Aussi désespéré qu'espérant, George Matthews se meut entre ces deux humeurs, fait connaissance avec la peur de la mort et avec l'amour conjointement (avec la nécessité d'aimer en tout cas).
Le film réussit à joindre des personnages à la fois réalistes (Gary Lockwood en particulier, d'une aisance impeccable)n représentatifs du lieu qu'ils arpentent, et rêveurs, et des personnages oniriques (Anouk Aimée), pris dans divers strates de temps, élargis par leur appartenance à d'autres films, et devant gagner leur vie.
Un film simple dans lequel la douleur finit par s'enlacer à une sorte de joie psychédélique qui convient parfaitement au cinéma de Demy, à sa douce mélancolie, et cette grâce qui affleure en permanence des mouvements de ceux qui vivent nonobstant les blessures, qui gardent le désir d'avancer et de construire en paix.

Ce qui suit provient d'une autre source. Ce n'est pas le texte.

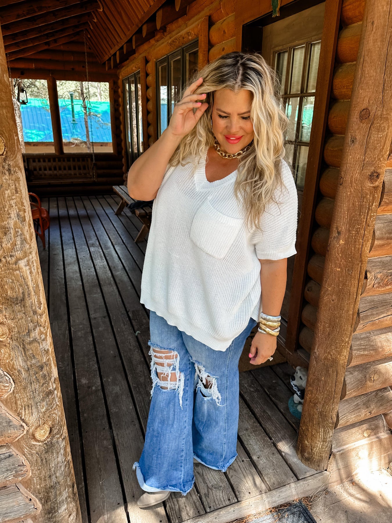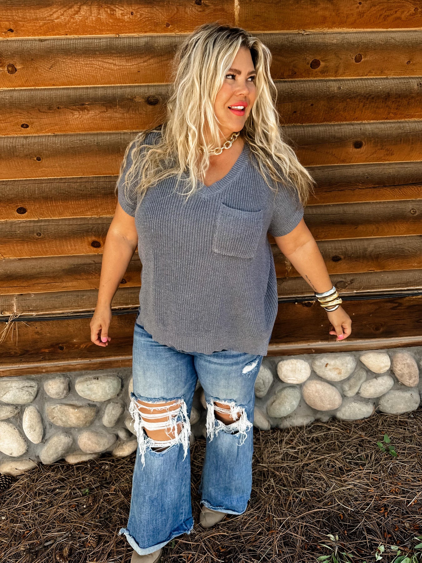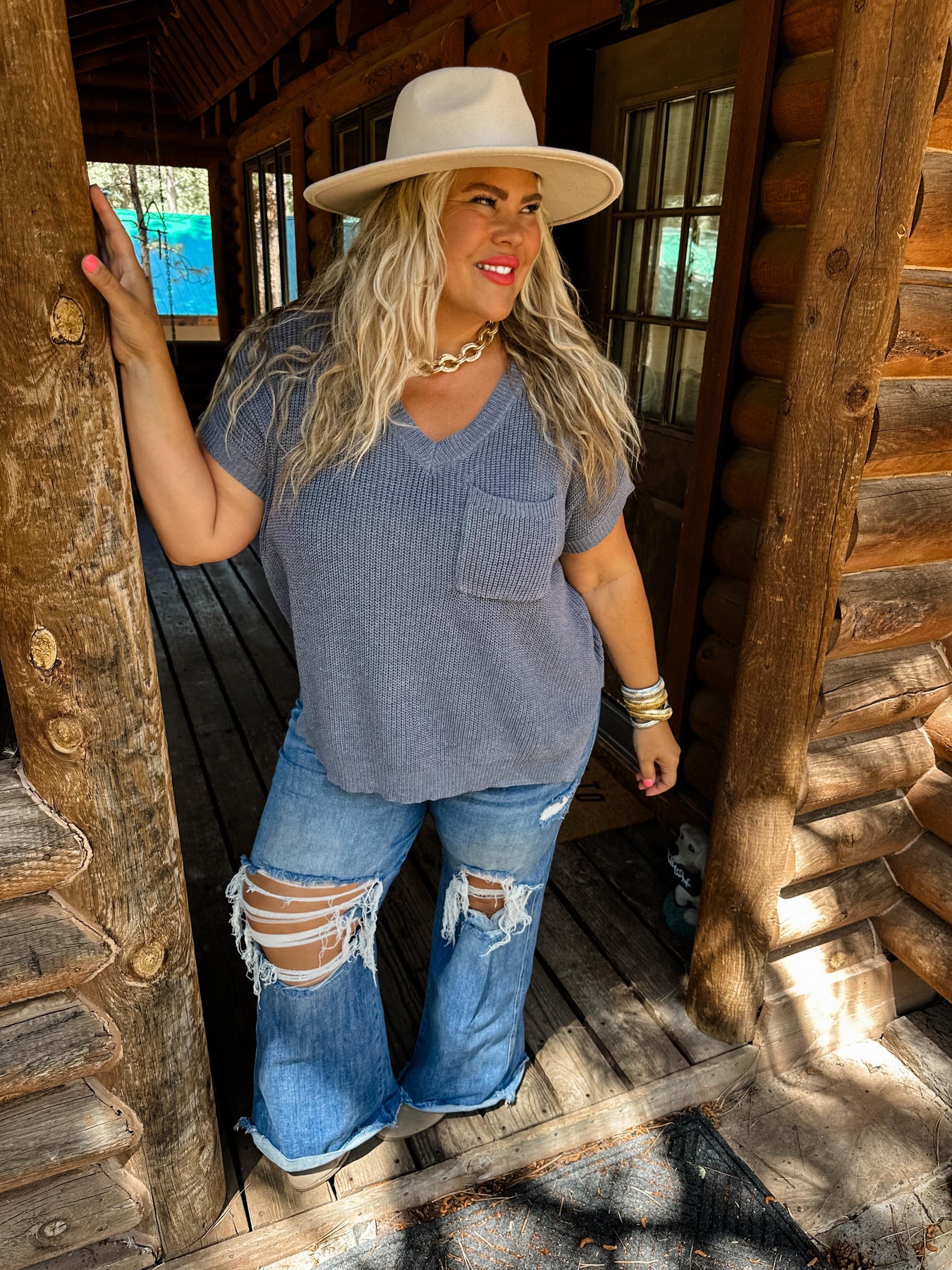 The perfect V-Neck, pocket knit sweater!  So casual, yet so classy!  This is a medium weight knit and perfect for the Fall/Winter transition.
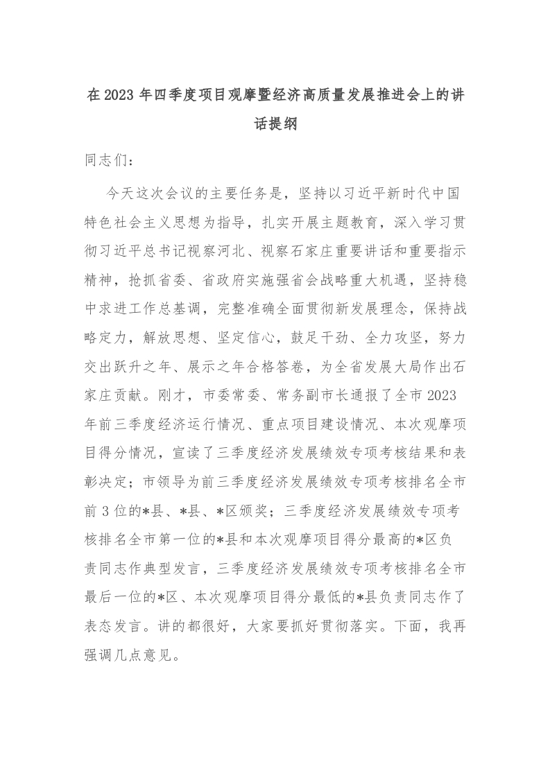 / 在2023年四季度项目观摩暨经济高质量发展推进会上的讲话提纲

Un petit regret technique tout de même : deux ou trois mouvements de caméra ont parfois moins de souplesse (que dans Lola, par ex.) : le plan d'ouverture, les déambulations dans la rue ou dans le couloir du Model Shop méritaient une fluidité (et peut-être quelques prises de plus).
Quoi qu'il en soit, Model Shop clôt parfaitement les années 60 pour Demy, sa comédie humaine, le film prend même certains traits antonioniens, autre grand peintre de la jeunesse des années 68-70s. Un moment, on peut même imaginer qu'une des fins possibles soit, comme dans l'Éclipse, un Model Shop vidé de la présence de Lola et de George, ni l'un ni l'autre n'étant venu au rendez-vous promis. Nous ne serons pas loin d'un tel dénouement, qui laisse Lola repartir dans les rêves d'autres films (qui ne se feront pas) et qui se recentre sur le personnage masculin, repris du désir de vivre et d'aimer.